Embedder identity (`id` + `version`) is persisted with the index. Reopening with a mismatched embedder surfaces a clear error — no silent mixing of vectors from different models.

## Feature flags

| Feature | Description | Default |
|---|---|---|
| `git` | Git-backed versioned storage with branching, merging, history | Yes |
| `sql` | SQL query interface via GlueSQL | Yes |
| `proximity` | Vector index + text-search infrastructure (ML-free) | No |
| `proximity_text` | Bundled Candle + all-MiniLM-L6-v2 embedder | No |
| `rocksdb_storage` | RocksDB persistent storage backend | No |
| `python` | Python bindings via PyO3 | No |
| `tracing` | Observability via the `tracing` crate | No |

Python PyPI wheels ship `git`, `sql`, `rocksdb_storage`, `proximity`, and `proximity_text` enabled.

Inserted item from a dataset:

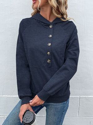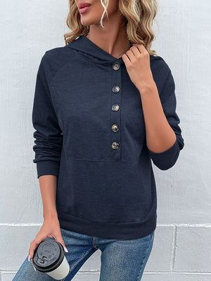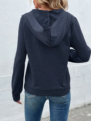 Navy Blue V-Neck Solid Long Sleeves Polyester Top
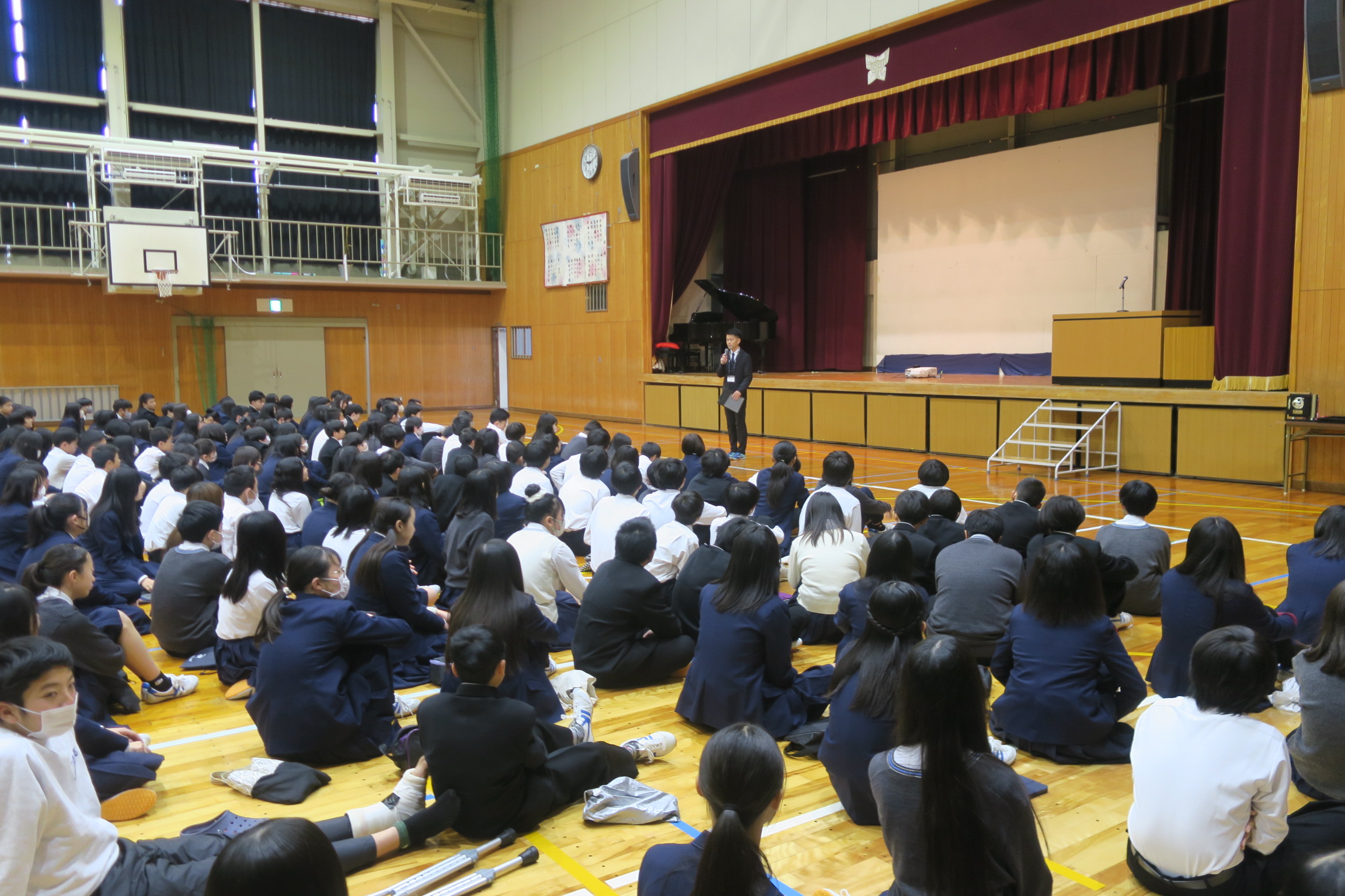 生徒指導の先生からは、「交通安全に十分注意すること」「2学期の始業式で話した『仲間との関わり』『相手を尊重する』『環境を整える』が実践できたか振り返ること」「冬休みは3学期に良いスタートを切るために、少し立ち止まって自分を見つめてほしい」という話がありました。

Rust users opt in:

```toml
[dependencies.prollytree]
version = "0.4.0"
features = ["git", "sql", "proximity", "proximity_text"]
```

## Documentation

- **[User Guide]https://zhangfengcdt.github.io/prollytree/** — mkdocs site (architecture, CLI, Python API, examples, theory)
- **[Text Search Guide]https://zhangfengcdt.github.io/prollytree/text_search/** — design, embedder identity, cascade, merge, externalisation
- **[Browser Demo]https://zhangfengcdt.github.io/prollytree/text_search_demo.html** — interactive single-page deck of the text-search workflow
- **[Rust API Reference]https://docs.rs/prollytree** — auto-generated from source
- **[Python Quickstart]python/README.md** — Python-specific intro
- **[Runnable Examples]examples/** — verifiable KV, versioning, namespaces, text search, SQL, multi-agent worktrees

## CLI

```bash
cargo install prollytree --features git
git-prolly --help
```

See the [user guide](https://zhangfengcdt.github.io/prollytree/cli/) for the full CLI walkthrough.

## Contributing

Contributions welcome — see [CONTRIBUTING.md](CONTRIBUTING.md).

## License

Licensed under the Apache License 2.0. See [LICENSE](LICENSE).